The graphs are used in a wide range of computer science problems. Its most natural use is to describe geographic relationships. One of the algorithms known as standard algorithm among all is used to find a fastest driving route between two points.

Setting priorities:

Investigating graphs would seem to be something that could be parallelized: At the same time, individual cores can detect different regions of a graph or different paths through the graph. The task was with most graph investigating algorithms, it constant becomes clear that whole regions of the graph are irrelevant to the problem at hand. If right off the bat, cores are assigned with investigating those regions, their efforts end up being fruitless.

This fruitless determination of irrelevant regions is a problem for parallel sequential graph investigating algorithms. Therefore, computer scientists have developed a host of application-particular techniques for prioritizing graph investigation. An algorithm might start by investigating just those ways whose edges have the lowest weights. For example, the lowest number of edges are primarily detected.

Swarm has extra circuitry for handling that type of prioritization. It time-stamps tasks is the highest-priority tasks in parallel. Higher-priority tasks may cause their own lower-priority tasks, but Swarm slots those into its queue of tasks automatically.

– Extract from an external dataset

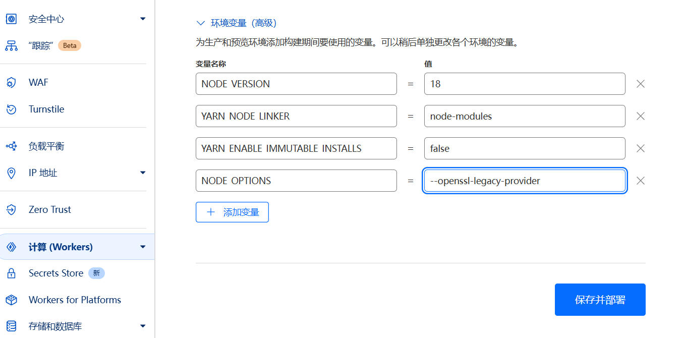添加构建命令、输出目录和环境变量信息,如下:

Sometimes, tasks running in parallel may come into a problem. For example, before a higher-priority task has read the same location, a task with a lower priority may write data to a particular memory location. Swarm automatically cancel the results of the lower-priority tasks at such times. Thus, it manages the synchronization between cores accessing the same data that programmers previously had to worry about themselves.

Using swarm is pretty painless. Whenever the programmer defines any function, he or she can easily add a line of code that loads the function into Swarm’s queue of tasks. The programmer does have to define the metric like edge’s weight or number of edge that the program uses to prioritize tasks, but that would be necessary, anyway. Generally, adjusting the current sequential algorithm to Swarm needs insertion of few lines of code.

Keeping tabs:

The Swarm chip consists of additional circuitry to store and manage its queue of tasks. It also has a circuit that stores the memory addresses of all the data its cores are currently working on. That circuit implements a Bloom filter, which compresses data into a fixed space and answers yes/no questions about its contents. If too many addresses are loaded into this filter, it will sometimes display false positives by indicating “yes, I’m storing that address”. But it will never display false negatives.

The Bloom filter helps Swarm to detect memory access problems. The researchers were able to show that time-stamping makes synchronization between cores easier to enforce. For example, each data item is described with the time stamp of the last task that updated it. Thus, tasks with later timestamps know they can read that data without disturbing to determine who else is using it.

Therefore, all the cores sometimes inform the time stamps of the highest-priority tasks that they are still executing. If any core has finished tasks which have previous time stamps, knows it can write its results to memory. This is done without inviting any problems.

Luis Ceze, an associate professor of computer science and engineering at the University of Washington, said, “I think their architecture has just the right aspects of past work on transactional memory and thread-level speculation. ‘Transactional memory’ refers to a mechanism to make sure that multiple processors working in parallel don’t step on each other’s toes. It guarantees that updates to shared memory locations occur in an orderly way. Thread-level speculation is a related technique that uses transactional memory ideas for parallelization: Do it without being sure the task is parallel, and if it’s not, undo and re-execute serially. Sanchez’s architecture uses many good pieces of those ideas and technologies in a creative way.”